The response should contain all of the records, copied exactly, and none of the images.

* Given data *
- - -

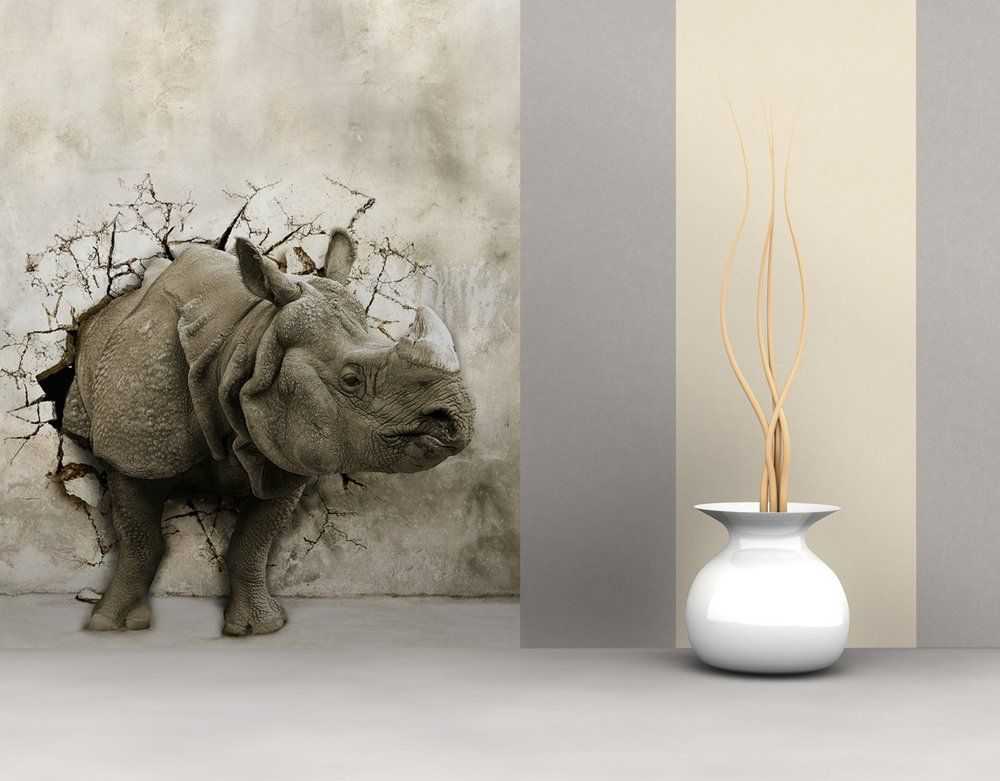 А вот, как интересно смотрятся необычные обои, которые создают эффект подвижности, огибая рисунком предметы. Для создания необычного эффекта можно также использовать роспись стен и различные постеры или панно.
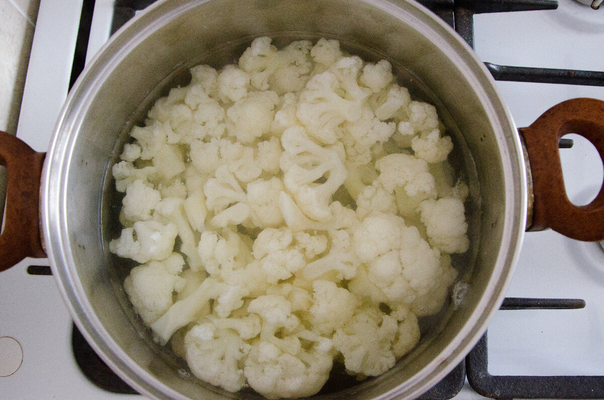 Цветную капусту разбираем на соцветия и отвариваем до готовности. Сливаем воду и даём немного остыть.
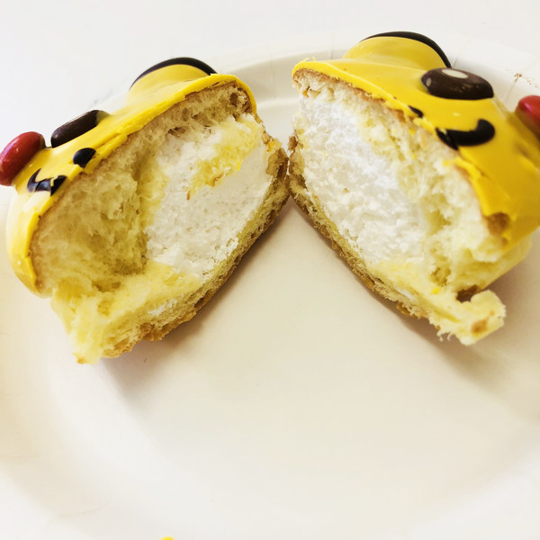 ふんわりとした食感の生地が、 バナナ風味のチョコでコーティングされています。耳の部分はチョコレートで、 くりくりのお目目やほっぺはチョコレートで表現! 生地の中はエンゼルクリームと同じものになっています♪
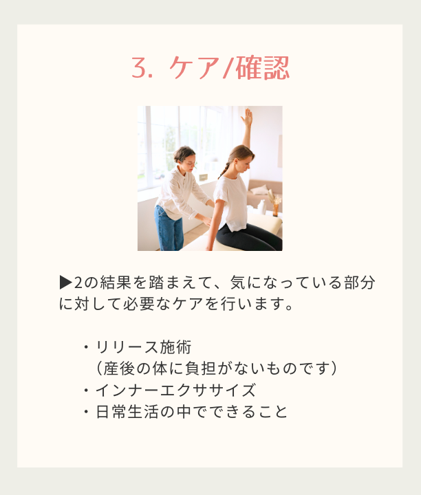 生活の中で不調を繰り返さないよう、抱っこや授乳時のカラダの使い方などもお伝えしています。
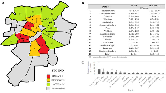 (A) The localization of analyzed districts in Lublin city along with their average level of microbiological contamination of parcel vending machines. (B) Results of qualitative microbiological analysis of parcel vending machines in 16 city districts. (C) Visualization of average means and standard deviation of bacterial counts on touchscreens of parcel vending machines in each district.

- - -

* Your response *
 А вот, как интересно смотрятся необычные обои, которые создают эффект подвижности, огибая рисунком предметы. Для создания необычного эффекта можно также использовать роспись стен и различные постеры или панно.
 Цветную капусту разбираем на соцветия и отвариваем до готовности. Сливаем воду и даём немного остыть.
 ふんわりとした食感の生地が、 バナナ風味のチョコでコーティングされています。耳の部分はチョコレートで、 くりくりのお目目やほっぺはチョコレートで表現! 生地の中はエンゼルクリームと同じものになっています♪
 生活の中で不調を繰り返さないよう、抱っこや授乳時のカラダの使い方などもお伝えしています。
 (A) The localization of analyzed districts in Lublin city along with their average level of microbiological contamination of parcel vending machines. (B) Results of qualitative microbiological analysis of parcel vending machines in 16 city districts. (C) Visualization of average means and standard deviation of bacterial counts on touchscreens of parcel vending machines in each district.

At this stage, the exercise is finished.